# Моделизм > Обсуждение моделей: Авиация >  Сергей Арчаков и его Ишак - И-16 Тип 24 от Эдуарда

## Kasatka

Наконец-то нашел время выложить своего Ишака на всеобщее обозрение.

Прошу любить и жаловать. 

http://modelism.airforce.ru/gallery/.../i16/index.htm

 

 :roll:

----------


## GUS

Достойная модель,Сергей! 
Единственное - не толстоват ли фонарь? Или это издержки фото? И,на мой взгляд, надо бы побольше копоти и на срезах стволов и возле окон. Да и заправлялись черти чем. А по нескольку боевых вылетов в день. 
С уважением.

----------


## German

Достойно, достойно! все классно!
колеса(шины) не понравились совсем!

----------


## Kasatka

Спасибо, Герман! Я ж написал про "шины", читай внимательно.

Павел, спасибо! от чего должна быть копоть около окон? каких, кстати окон?

----------


## German

чукча не читатель, чукча писатель. :lol:

----------


## Ученик Чкалова

Просто образец хорошей работы. Очень приятно видеть реалистичный подход к тонировке, практически идеально передающий оригинал.

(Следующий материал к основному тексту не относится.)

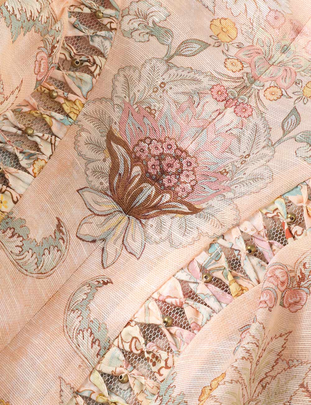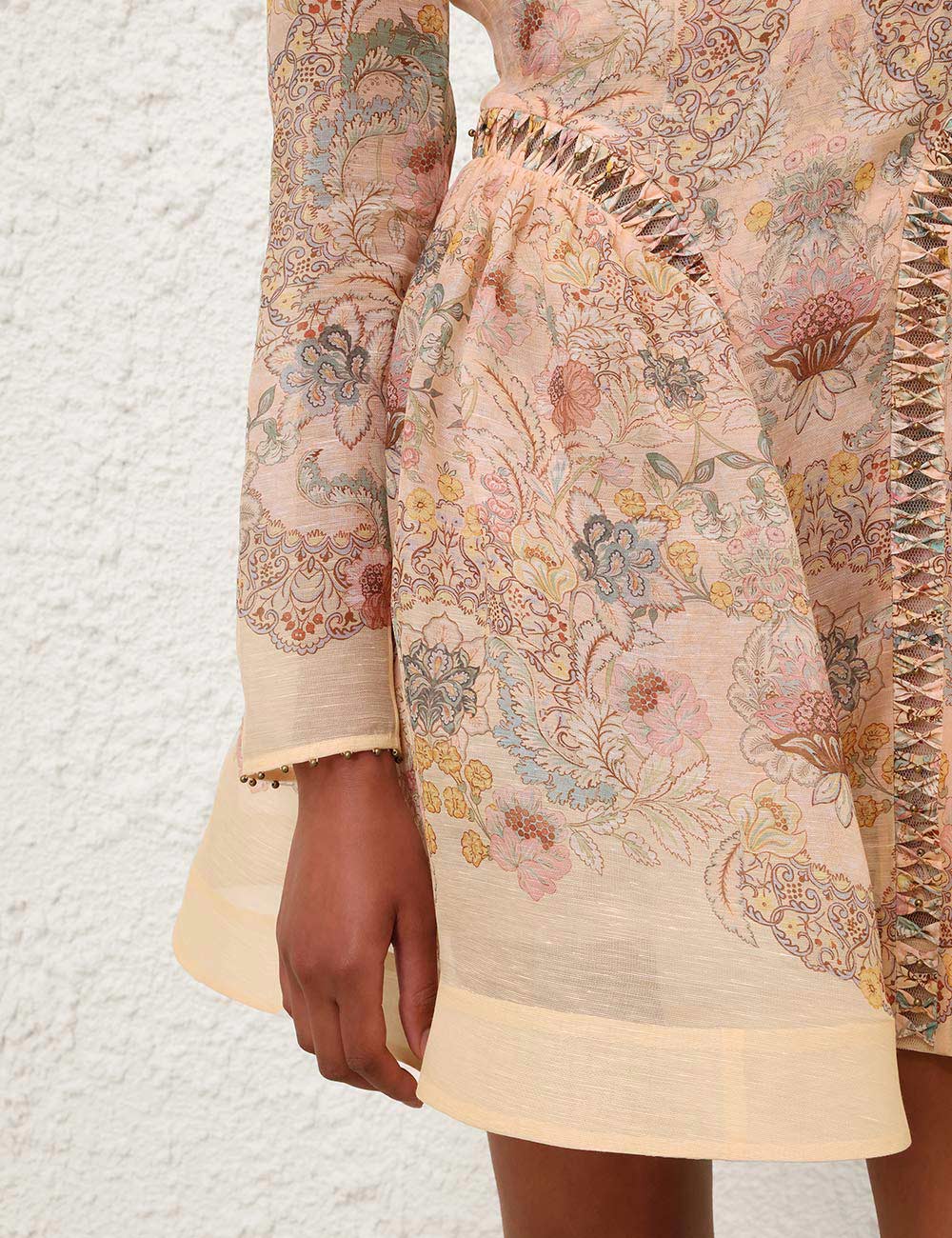 The Rebellion Beaded Mini Dress in Pink Floral from our Cruise 2026 Collection, Twisted Romance. A silk-linen mini dress featuring a stand collar with trim and gold beading, long slim sleeves, a centre back zip closure, and a fully flared skirt.

А то многие коллеги твердят: "а где выделение швов, а где нагар". И аккуратно заливают все, что ни попадя , смывкой - и нагар от стволов аж до хвоста (!!!). Спасибо за удовольствие от созерцания. Мелочи не хочется замечать... Экипажевские изделия поставят красивую точку.

----------


## Петр Берестовой

Сережа, как я тебе уже писал, мне показались толстоваты створки. 
Видно на фото, особенно подкосы. 
Еще момент-цвет звезд и киля. ну прям яркие такие, аж глаз режет. Это фото или дека такая?  На некоторых фото так кажется, что киль двух оттенков красного=)).
За тонировку уже сказали, просто здоровски! Ну можеть чуть больше выхлопа, но это уже дело вкуса=))
В целом приятно, так и просится на травянистое поле на фоне неба=))
Может фотнешь?  :Wink:

----------


## Kasatka

Ученик Чкалова, спасибо! Буду и дальше стараться.. попробую в ближайшее время закончить Векторовский Ла-5


Петя, объясни мне еще раз какие выхлопы ты  имеешь ввиду?
покажи мне одну хоть одну фотку "выхлопов" от пулеметов на ишаке больше чем у меня =)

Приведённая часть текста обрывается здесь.